Trump Meme Coins – From Hype to Market Decline
Donald Trump’s start of the $TRUMP meme coin on January 17, 2025 has caused much talk in the crypto world. At first, the coin’s worth shot up, hitting a market size of about $7.8 billion. But this quick rise was soon followed by ups and downs; as of January 21, 2025, $TRUMP is trading near $38 which shows a drop of 49% from its highest point.
Critics say that the coin has no real money value. It mostly works as a guess item. There are also worries about possible unfair deals since the Trump Organization holds 80% of the coin’s part.
Also, the next start of Melania Trump’s $MELANIA coin has added to market chaos. These changes show the risky kind of ͏meme coins and point out the dangers for buyers. People in the market should be careful, because the future path of $TRUMP and like things is not clear.
Lightchain AI Utility-Driven Alternative for Smart Investors
The backbone of Lightchain AI is designed to tackle the challenges of tomorrow with unmatched efficiency and innovation
At its core lies the Artificial Intelligence Virtual Machine (AIVM), a dedicated layer built specifically for AI tasks such as model training and inference, seamlessly integrated into the blockchain for peak performance.
Complementing this is the revolutionary Proof of Intelligence (PoI), a unique consensus mechanism that not only secures the network but also incentivizes nodes to perform valuable AI computations.
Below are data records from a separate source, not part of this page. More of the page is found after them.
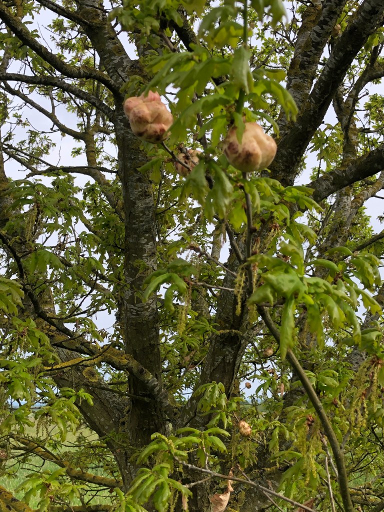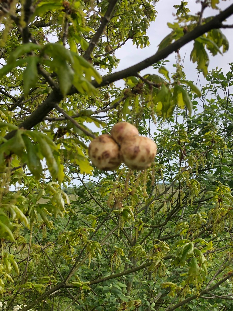 Along Mill Road is an oak tree covered in apples. They’re not the eating variety they are oak apples or galls which are created by the larva of a gall wasp injecting certain chemicals into the developing oak leaf bud.
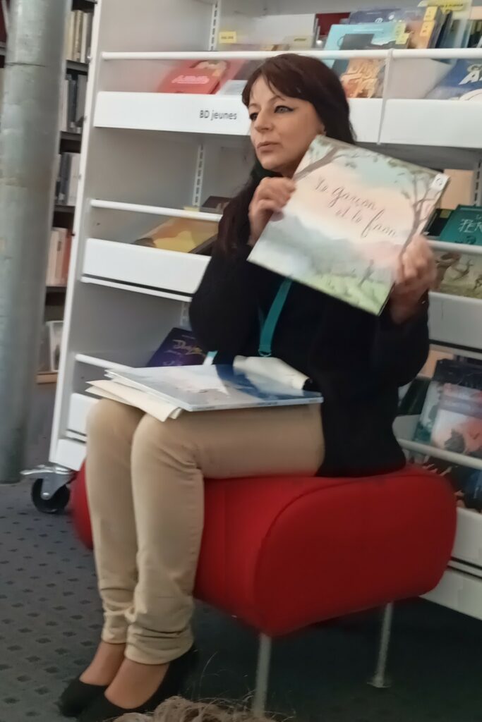 Présentation des premiers albums de la sélection par Sandrine, la bibliothécaire ;
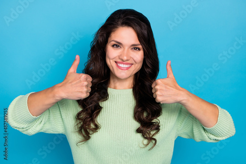 Photo of optimistic mature brunette lady show thumb up wear green sweater isolated on blue color background

To ensure scalability, Lightchain AI incorporates advanced technologies like sharding and Layer 2 solutions, enabling it to handle high-speed, high-throughput AI tasks effortlessly. This robust infrastructure positions Lightchain AI as a powerful, utility-driven solution for future-facing smart investors.
From Noise to Innovation Future of Crypto
The fall of Donald and Melania Trump’s meme coins highlights a hard lesson for the crypto world: hype alone won’t last.
Enter Lightchain AI—a utility-driven project that’s turning heads and redefining what blockchain technology can do. This isn’t just another fleeting trend; it’s a movement toward real innovation and lasting impact.
For investors hungry for sustainable growth and meaningful returns, Lightchain AI is leading the charge. With an impressive presale performance and groundbreaking features, it’s primed to shape the next wave of blockchain advancements. Ready to join the future?
https://lightchain.ai/lightchain-whitepaper.pdf
https://t.me/LightchainProtocol
Disclaimer: This is a sponsored article and is for informational purposes only. It does not reflect the views of Crypto Daily, nor is it intended to be used as legal, tax, investment, or financial advice.
CryptoCurrency
Asset tokenization can unlock financial inclusion for LATAM’s unbanked
Blockchain-powered asset tokenization is set to reshape Latin America’s financial systems, driving efficiency, inclusion and transparency.